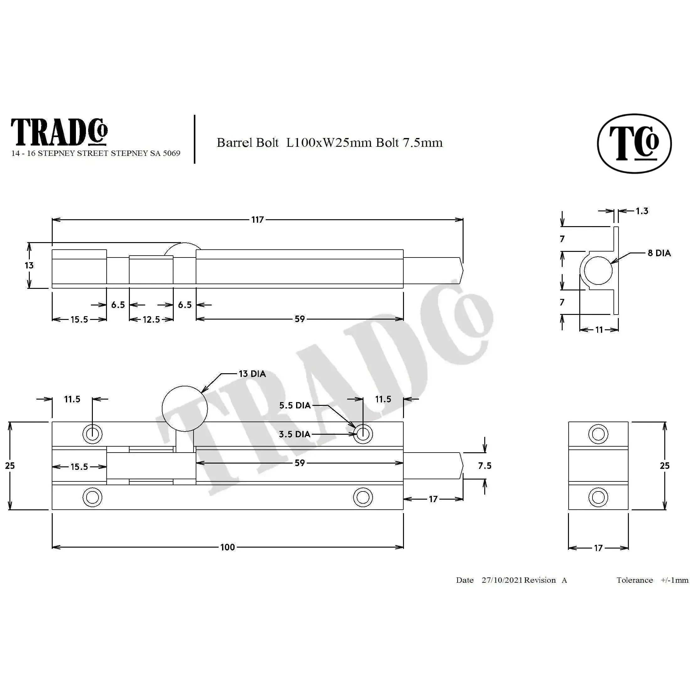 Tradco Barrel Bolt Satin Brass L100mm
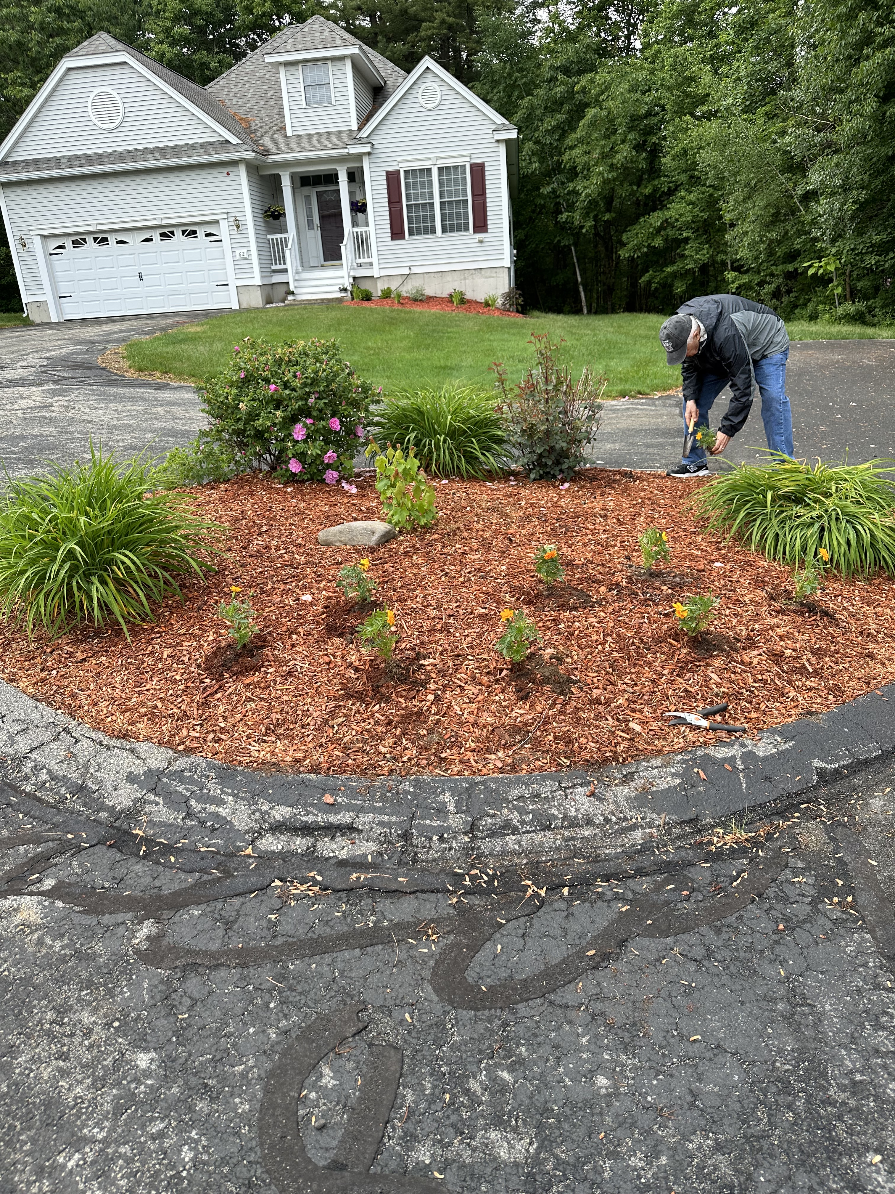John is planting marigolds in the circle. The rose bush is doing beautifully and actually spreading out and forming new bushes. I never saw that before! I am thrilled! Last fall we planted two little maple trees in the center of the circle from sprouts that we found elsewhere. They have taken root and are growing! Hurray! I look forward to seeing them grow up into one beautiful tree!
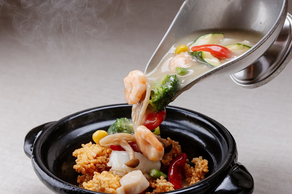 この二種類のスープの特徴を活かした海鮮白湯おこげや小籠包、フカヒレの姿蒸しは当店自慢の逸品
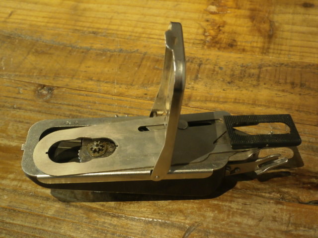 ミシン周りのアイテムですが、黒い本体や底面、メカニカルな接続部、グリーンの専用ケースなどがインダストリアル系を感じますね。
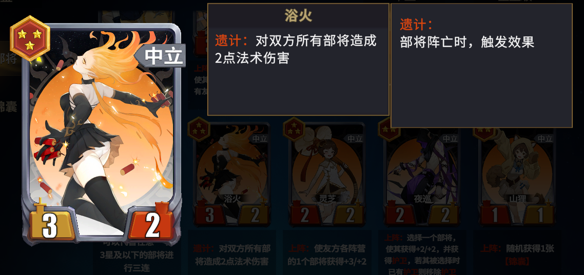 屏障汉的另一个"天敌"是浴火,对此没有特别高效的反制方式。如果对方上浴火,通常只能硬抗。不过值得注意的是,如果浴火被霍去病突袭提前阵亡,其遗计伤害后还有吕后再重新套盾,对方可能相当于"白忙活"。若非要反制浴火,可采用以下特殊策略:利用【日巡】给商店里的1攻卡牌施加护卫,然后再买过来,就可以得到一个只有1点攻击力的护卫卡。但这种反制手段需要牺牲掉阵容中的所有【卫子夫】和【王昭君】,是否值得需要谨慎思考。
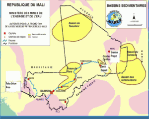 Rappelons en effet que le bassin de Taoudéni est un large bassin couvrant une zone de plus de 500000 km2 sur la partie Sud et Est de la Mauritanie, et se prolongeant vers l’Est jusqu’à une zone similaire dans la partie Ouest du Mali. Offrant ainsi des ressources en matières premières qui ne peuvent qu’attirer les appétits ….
——————————
• Task item: Would it be possible to print the records above verbatim, pictures omitted?

• Task output:
 Tradco Barrel Bolt Satin Brass L100mm
John is planting marigolds in the circle. The rose bush is doing beautifully and actually spreading out and forming new bushes. I never saw that before! I am thrilled! Last fall we planted two little maple trees in the center of the circle from sprouts that we found elsewhere. They have taken root and are growing! Hurray! I look forward to seeing them grow up into one beautiful tree!
 この二種類のスープの特徴を活かした海鮮白湯おこげや小籠包、フカヒレの姿蒸しは当店自慢の逸品
 ミシン周りのアイテムですが、黒い本体や底面、メカニカルな接続部、グリーンの専用ケースなどがインダストリアル系を感じますね。
 屏障汉的另一个"天敌"是浴火,对此没有特别高效的反制方式。如果对方上浴火,通常只能硬抗。不过值得注意的是,如果浴火被霍去病突袭提前阵亡,其遗计伤害后还有吕后再重新套盾,对方可能相当于"白忙活"。若非要反制浴火,可采用以下特殊策略:利用【日巡】给商店里的1攻卡牌施加护卫,然后再买过来,就可以得到一个只有1点攻击力的护卫卡。但这种反制手段需要牺牲掉阵容中的所有【卫子夫】和【王昭君】,是否值得需要谨慎思考。
 Rappelons en effet que le bassin de Taoudéni est un large bassin couvrant une zone de plus de 500000 km2 sur la partie Sud et Est de la Mauritanie, et se prolongeant vers l’Est jusqu’à une zone similaire dans la partie Ouest du Mali. Offrant ainsi des ressources en matières premières qui ne peuvent qu’attirer les appétits ….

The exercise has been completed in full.